RELEVANCE IS A MOVING TARGET FOR INSTITUTIONS

Relevance is a moving target. Your content can be relevant to different people at different times for different reasons—or not. Even at institutions that have undergone radical reinvention, the change doesn’t stop. As Will Rogers said, “Even if you’re on the right track, you’ll get run over if you just sit there.”

This is completely maddening. But that doesn’t make it less true.

In 2008, I was invited to an unusual celebration at the Tropenmuseum in Amsterdam. The museum’s director welcomed international guests—anthropologists, ethnographers, historians, designers—to celebrate the reinstallation of their whole museum. Every display and artifact had been reconfigured. But, he explained to us, we were not there to cut the ribbon and marvel at the finished product. We were there to critique the installation and to kick off its next transformation. The director said to us: “We are proud of the new installation that we share with you today. But we also know that this is day one of it becoming outdated.”

Like most ethnographic museums, the Tropenmuseum’s roots are complicated. It opened to the public in 1871 as a demonstration of the Netherlands’ colonial riches. It was a museum of conquest and exoticism. By the 1940s, the Dutch empire faded, and the museum morphed into a showcase of the world’s cultures from a Eurocentric point of view. Every twenty years following, the Tropenmuseum changed. In the 1960s and 1970s, they addressed worldwide social issues. In the 1980s and 1990s, they embraced multi-culturalism. By the time I showed up in 2008, they had taken a post-modern approach, grappling with the roles of Dutch and other white colonialists in the cultures and stories on display.

As someone with no experience in anthropology, I was fascinated by this whirlwind tour of trends and movements in the field. The Tropenmuseum was unapologetically working—at considerable expense—to ride the wave of relevance as societal and academic perceptions shifted over time.

On the level of an institution, this movement is admirable. The Tropenmuseum, a venerable old museum, was committed to change that would make it relevant to modern times.
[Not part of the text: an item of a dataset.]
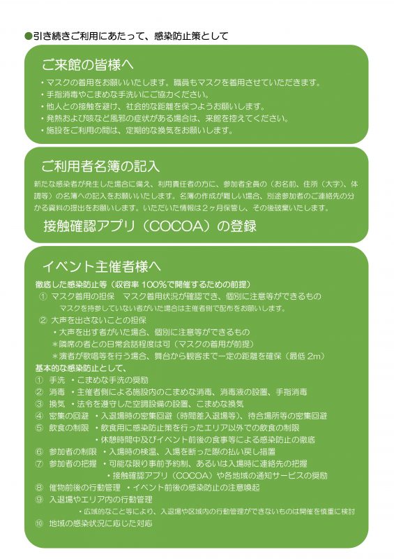 令和2年9月14日に文化庁より発表されました、「11月末までの催物の開催制限等について」に基づき、新型コロナウイルス感染予防のため、6月2日より制限を設けてまいりましたが、10月1日よりさらに利用制限を緩和いたします。

They recommitted again and again.

Institutions seem to approach the shifting tides of relevance in three ways: they embrace them, they fight them, or they equivocate over them.

Institutions that embrace the challenges of relevance invest in their potential. They raise the money, garner the political will, and change as needed. Sometimes the changes hit the mark, and relevance surges. The institution shines for a new day, like the Silk Mill in Derby. Sometimes they miss, and hard-working changemakers end up exhausted and disheartened.
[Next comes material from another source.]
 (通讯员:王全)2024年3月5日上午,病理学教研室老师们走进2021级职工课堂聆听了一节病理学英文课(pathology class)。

Institutions that fight against relevance ignore its potential impact on their work—sometimes to their peril. They stay obstinately, unapologetically unchanged, hoping their dedicated insiders will keep them going until the pendulum swings back in their direction. They may even be able to attract new supporters who appreciate permanence. They might survive. Or not.
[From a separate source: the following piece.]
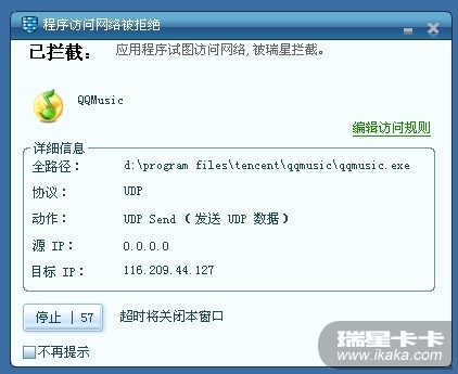 2 在“访问控制”--程序规则中您说的“qq音乐”是否勾选并为拒绝。请设置为允许

But the institutions I worry most about are those that equivocate. Many institutions take a schizophrenic middle ground on relevance. They swing between issuing press releases about change while reassuring insiders that none of the good stuff will be impacted. They pat themselves on the back in the morning and go to bed fearful at night.

I don’t know about you, but I want to sleep well. So I try to know myself, to know our mission, and to be honest about our intentions in the face of change.